La designación de embajadores es quizás una de las actividades diplomáticas más elementales. Y, sin embargo, por elemental que sea, y aunque parezca rutinaria, no es para nada anodina.
Las reglas varían de Estado a Estado. En unos, el Gobierno tiene mayor discrecionalidad que en otros a la hora de nombrarlos. A veces, otros órganos intervienen en el procedimiento, como ocurre en los Estados Unidos, donde el presidente propone y el Senado dispone (fórmula que estuvo vigente en Colombia bajo la Constitución de Rionegro, y que, de vez en cuando, algunos proponen adoptar nuevamente).
Las legislaciones nacionales pueden establecer requisitos específicos: en relación con la pertenencia formal a la carrera diplomática, o con el dominio de ciertas competencias -que no por obvias pueden darse por sentadas-. Hay además reglas que pertenecen ya no al ámbito interno, sino al del derecho internacional, como las que recoge la Convención de Viena sobre Relaciones Diplomáticas de 1961.
En todo caso, más allá de las reglas y los rituales, se trata de un acto con contenido y significado político. En sus orígenes, los embajadores fueron esencialmente mensajeros; y su designación (que incluye el beneplácito del Estado receptor, su acreditación ante él, los tiempos y condiciones en que aquel se otorga y ésta se hace efectiva) tiene, aún hoy, la naturaleza de un acto comunicacional, no sólo ente los gobiernos directamente involucrados.
Las designaciones de los embajadores revelan cosas no sólo sobre las relaciones bilaterales, sino, más en general, sobre la política exterior de los Estados (y sobre el estado de su política exterior). Cabe decir lo mismo del llamado a consultas o de su retiro, por un lado, o de su declaración como persona non grata, por otro.
Resulta interesante observar, en ese sentido, que de las 190 misiones diplomáticas que tienen los Estados Unidos en todo el mundo, el 27% siguen vacantes a estas alturas de la administración Biden. Y que, para 20 de esas 52, la Casa Blanca no ha hecho siquiera la nominación correspondiente.

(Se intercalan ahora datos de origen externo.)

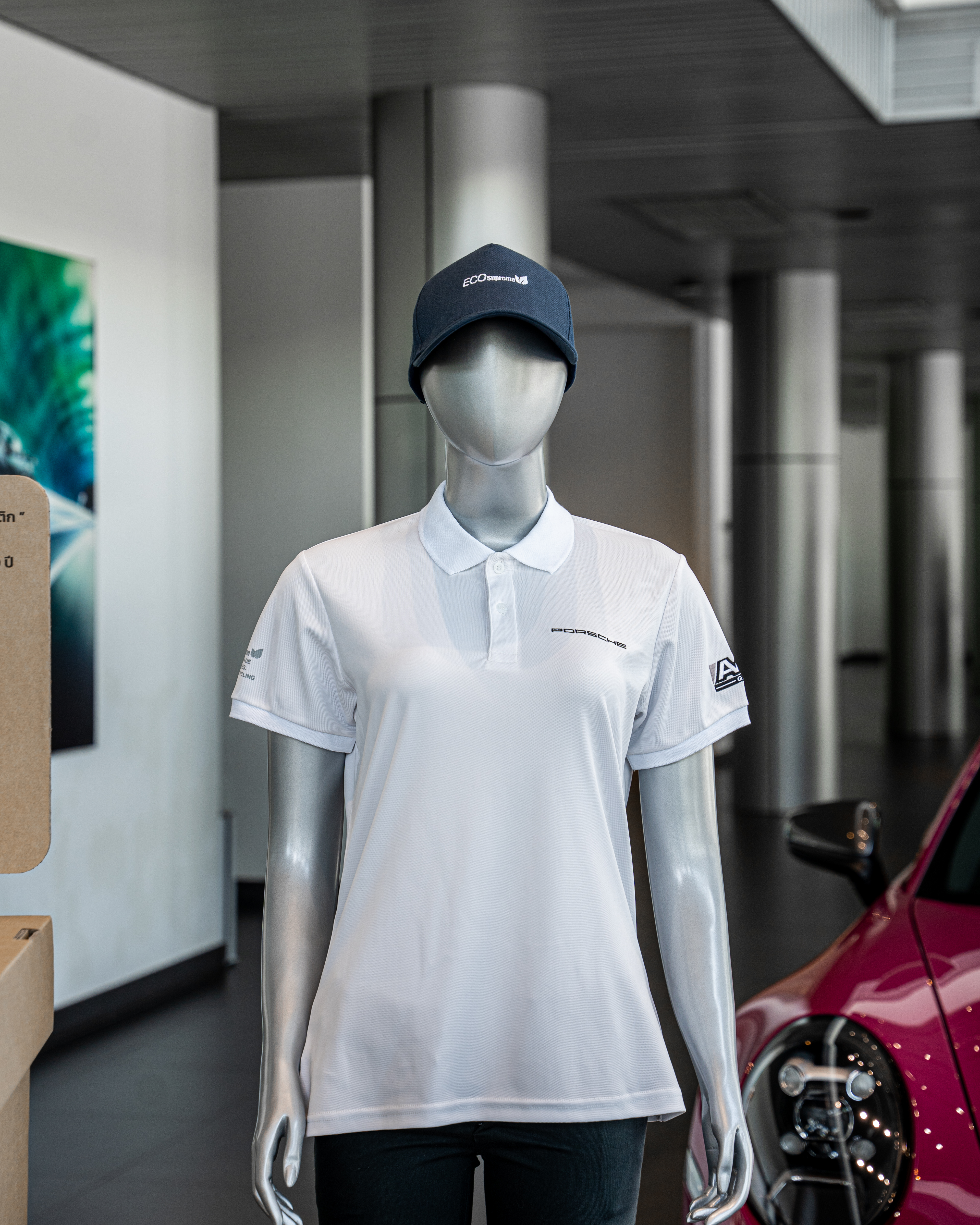 ในกิจกรรม ‘Porsche Driver’s Safety Training’ ผู้เข้าร่วมทุกท่านได้รับเสื้อโปโลพิเศษสำหรับสวมใส่ตลอดการทำกิจกรรม ซึ่งเอเอเอสฯ ได้ร่วมมือกับอีโค ซูพรีม (ECO Supreme) โดยบริษัท แกรนดี้อินเตอร์เทรด จำกัด (Grandy Intertrade) ในการผลิตเสื้อที่เน้นแนวทางความยั่งยืน เสื้อโปโลนี้ผลิตจากเส้นใยผ้าที่ถักทอร่วมกับเส้นใยพลาสติกรีไซเคิล โดยใช้ขวดน้ำพลาสติกเฉลี่ย 15 ขวดต่อเสื้อ 1 ตัว ซึ่งขวดเหล่านี้มาจากขวดน้ำพลาสติกปอร์เช่ที่เอเอเอสฯ ให้บริการในโชว์รูมทั้ง 4 สาขา ได้แก่ Porsche Centre Bangkok, Porsche Centre Pattanakarn, Porsche Studio Siam Paragon และ Porsche Studio Bangkok ICONSIAM นอกจากนี้ ยังได้จัดจุดเก็บขวดน้ำพลาสติกหน้างาน เพื่อให้ผู้เข้าร่วมมีส่วนร่วมในการรีไซเคิลสำหรับโครงการในอนาคต การริเริ่มนี้สะท้อนถึงความรับผิดชอบต่อสิ่งแวดล้อม และเป็นก้าวสำคัญสู่การพัฒนาที่ยั่งยืนของเอเอเอส-กรุ๊ปและสมาชิกครอบครัวเอเอเอสฯ ทุกท่าน

Tal es el caso de Colombia, donde, a falta de titular en propiedad, funge por ahora Francisco Palmieri como encargado de negocios.
Meses atrás se especuló sobre la eventual nominación de Jean Elizabeth Manes, quien fue embajadora en El Salvador, y luego encargada de negocios en ese mismo país, hasta que entró en agria polémica, directa y abierta, con el presidente Bukele. Nunca hubo confirmación ni desmentido oficial al respecto.
Tal vez en Washington prefirieron esperar al resultado del proceso electoral y al inicio del nuevo gobierno. Quizá no tienen afán y están concentrados en ir tanteando cuidadosamente el terreno. El presidente electo de Colombia, por su parte, designó rápidamente su mensajero -y con ello-, transmitió su mensaje. Habrá que ver cómo contestan los Estados Unidos.
Y habrá que ver también qué mensaje, implícito y explícito, se cruzan (y transmiten) Bogotá y Caracas, cuando designen sus respectivos embajadores, ahora que se ha anunciado desde el Táchira la “normalización gradual de las relaciones binacionales a partir del próximo 7 de agosto”.